The book’s principles were validated in its production, to some extent. “It brought my whole company together,” Don says. “I was going down one writing path, and struggling, and they circled around me and said, ‘Hey, why don’t you try this.’ And that made all the difference.”
His advice to young people embarking on careers would be to focus on the quality of culture in a workplace, not on salary. “In the future, employees will be more attracted by how they feel than by how they’re paid,” Don says. “We should never let salary become a proxy for well-being.”

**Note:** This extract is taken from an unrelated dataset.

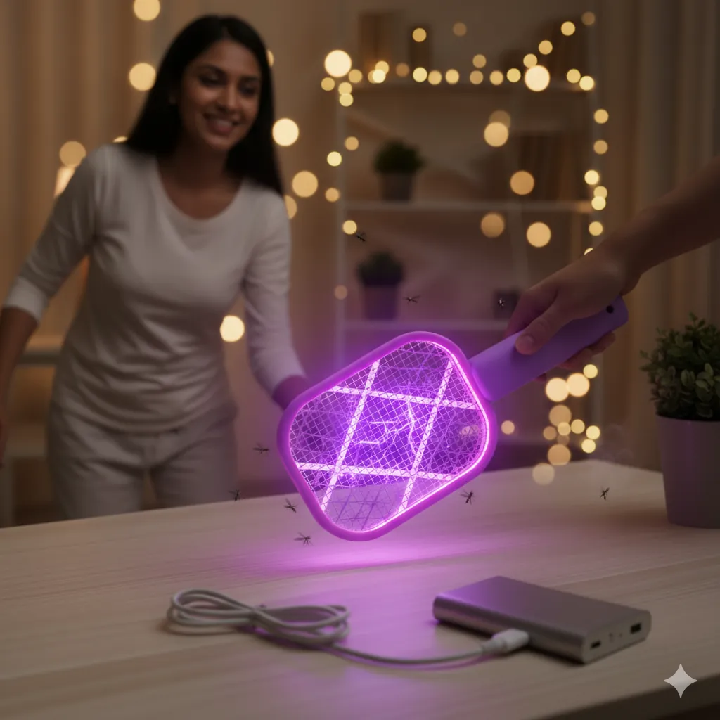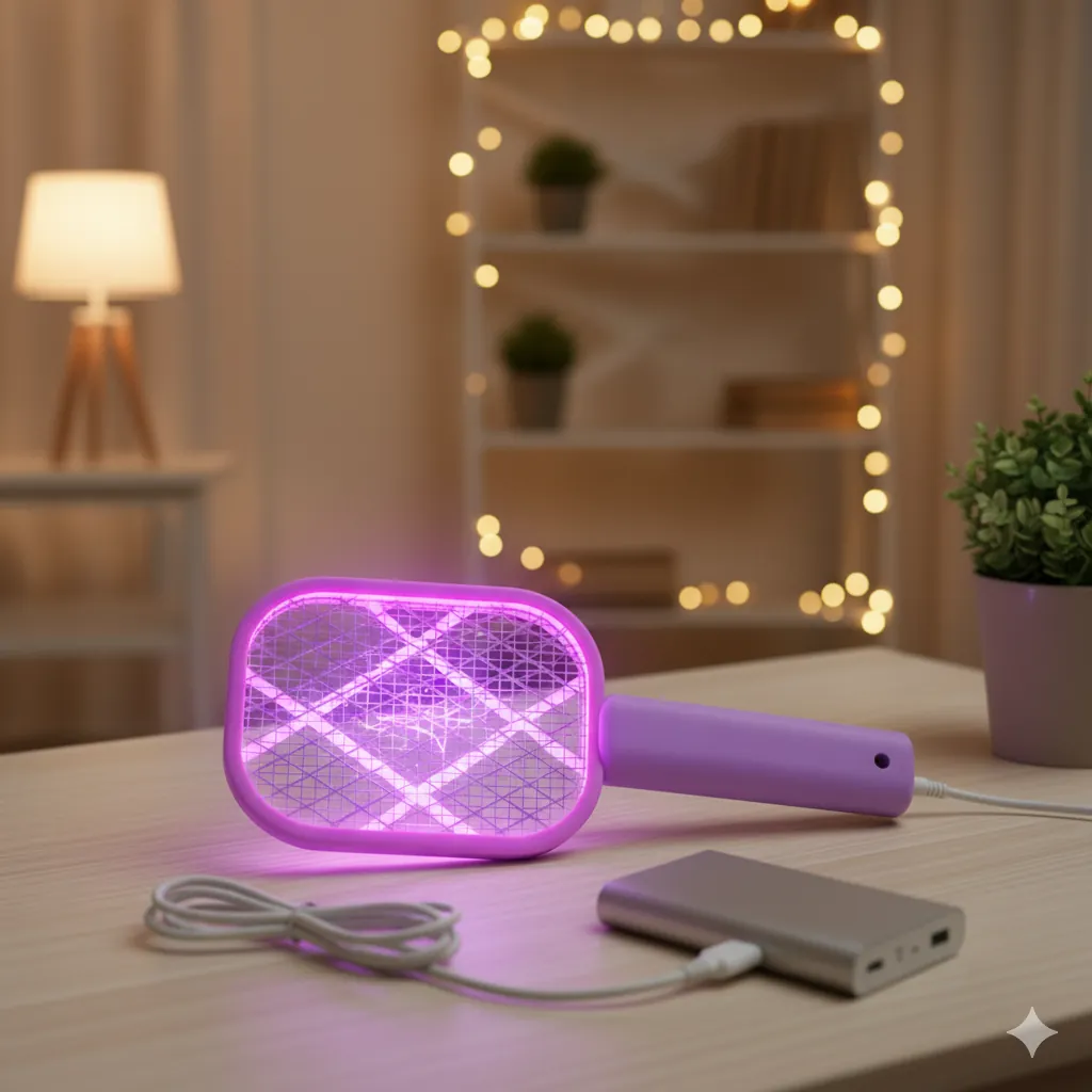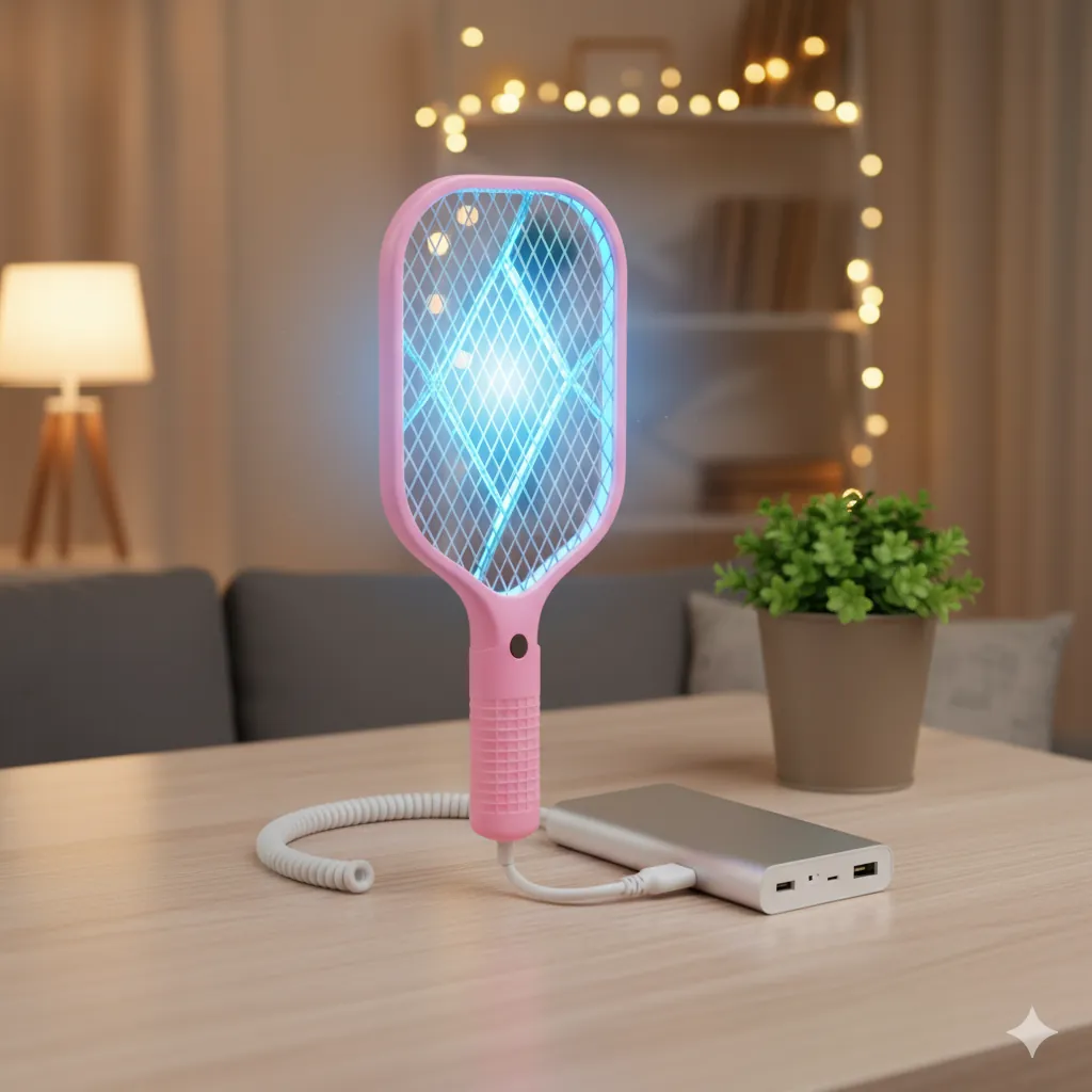 Powerful USB Rechargeable Electric Mosquito Swatter with UV Light Trap | Insect Racket Killer for Home & Outdoor Use. Take back your space with this powerful and rechargeable electric mosquito and insect swatter. Engineered for efficiency, it features a large surface area and a high-voltage grid to instantly stun and kill mosquitoes and other flying insects with just "one hit." Beyond manual swatting, the swatter includes a built-in UV light trapping function which can be used to attract pests, turning it into a stationary insect killer. It's USB rechargeable, making it portable and easy to power up using a power bank, charger, or laptop (as shown in the images). Ideal for use in homes, patios, gardens, or while camping. Its safe-to-touch 3-layer safety mesh design protects users while delivering powerful insect control.

Of course, whether any of ‘this’ would have happened if it hadn’t snowed that night in the San Jacinto Mountains remains an open question, but what seems clear is that Don’s decision to deliberately pursue connection and attachment in the wake of his father’s death produced the energy-generating conditions he needed to thrive, in a wide variety of contexts. Both Don’s grandfather and his mentor would recognize E3 Solutions as a company that improves the lives of other people, which is what Don so admired them for doing.
The desire to make a mark, and the belief that it’s still possible to do so, are themes that permeate Don’s life. Everyone deserves the blessing of a legacy like that!